Teodone: un tuffo nel passato rurale dell’Alto Adige, perfetto per gite scolastiche.
Questi masi, sparsi tra le montagne e in armonia con il paesaggio dolomitico, sono stati accuratamente smontati e ricostruiti nel museo, rispettando la loro struttura originaria e la logica funzionale che li caratterizzava. Visitare un maso significa entrare in un mondo fatto di fatica, ingegno e profondo legame con la terra.
Un maso garantiva la sussistenza di una famiglia attraverso la coltivazione di pochi ettari di terreno, adibiti principalmente a pascolo e alla coltivazione di cereali resistenti al clima rigido: avena, farro, orzo e segale. Il frumento era una rarità, utilizzato per panificare solo poche volte l’anno. L’alimentazione era integrata da legumi e verdure, come crauti e cavoli.
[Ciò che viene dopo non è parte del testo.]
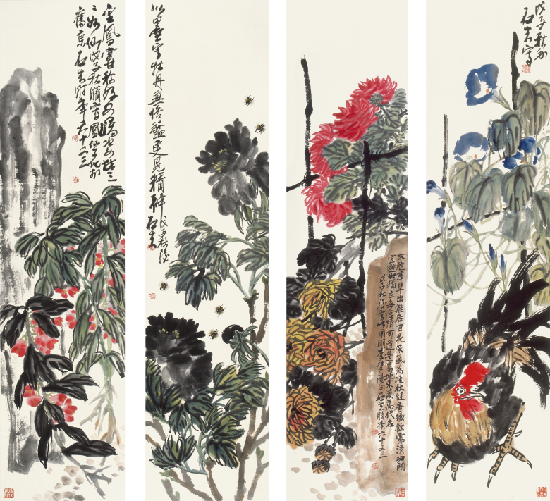 郭石夫早年画人物、画山水,他崇尚梁楷、陈洪绶、任伯年等传统人物画家,也激赏“四僧”“四王”“元四家”等传统山水画家,还曾一度学习“徐蒋体系”,人物画得很严谨、很扎实。而立之年,因受李苦禅、潘天寿等老一代艺术名家的影响,专攻花鸟,又因崇拜齐白石、吴昌硕,而在齐白石、吴昌硕的笔墨里沉浸多年。期间,画过恣肆酣畅的大写意,也画过灵动雅致的小写意,也曾因画得太像齐白石、吴昌硕而受到时人的批评,苦恼过,也困惑过。后来,郭石夫取法乎上,学“扬州八怪”,学陈淳、徐渭、八大,也追根溯源过林良、吕纪、王冕、杨补之、钱选等传统花鸟画家,心追手摹,勤学苦练,下过很大功夫,也打下了坚实的笔墨基础。

La vita nei masi era dura e faticosa, come testimoniano gli oggetti esposti nel museo: utensili da lavoro, cucine, stalle, fucine, mulini, botteghe di fabbri e calzolai. La falegnameria era un’arte essenziale, praticata all’interno del maso stesso, utilizzando strumenti artigianali costruiti durante i lunghi inverni.
La casa nobiliare: un contrasto stridente
All’ingresso del museo, si erge in contrasto con la semplicità dei masi, una casa nobiliare del XVII secolo, appartenuta al barone Anton Wenzi zu Sternbach. Una dimora che incarna l’abbondanza e lo sfarzo della vita aristocratica.